As the collaboration continues, scientists in Berkeley Lab’s Visualization and Analytics Group hope to develop tools and techniques for imaging processing and analysis. This team will also develop methods for visualizing and comparing different modalities of brain data, for instance, figuring out how to compare an anatomical brain region (like the frontal cortex) with correlating chemical activity.
Meanwhile, researchers in the Berkeley Lab’s Future Technologies, Scientific Computing and Complex Systems groups will use graph analytics and image analysis algorithms to quantify and visualize this “multi-modal” data, giving researchers the flexibility to look at regions of interest by displaying electrical, anatomical and chemical activity.
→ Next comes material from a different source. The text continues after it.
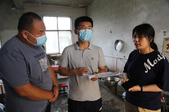 7月11日,临沭县大兴镇安监人员到企业食堂检查燃气泄露报警器安装使用情况。

By representing brain data on dynamical graphs, neuroscientists will be able to see how different parts of the brain correlate with each other. They will also be able to identify and track temporal changes, or changes over time.
“The technologies that exist for imaging the brain are very advanced and diverse. We have machines that provide extremely high-throughput, high-definition images of the brain in 3D, but unfortunately the tools to analyze this information have not advanced as quickly,” says Ushizima.
She notes that a relatively small amount of data collected from these imaging machines requires some level of manual curation, a process that can take anywhere from six months to a year. By automating and parallelizing this process, Ushizima believes this collaboration could change the paradigm.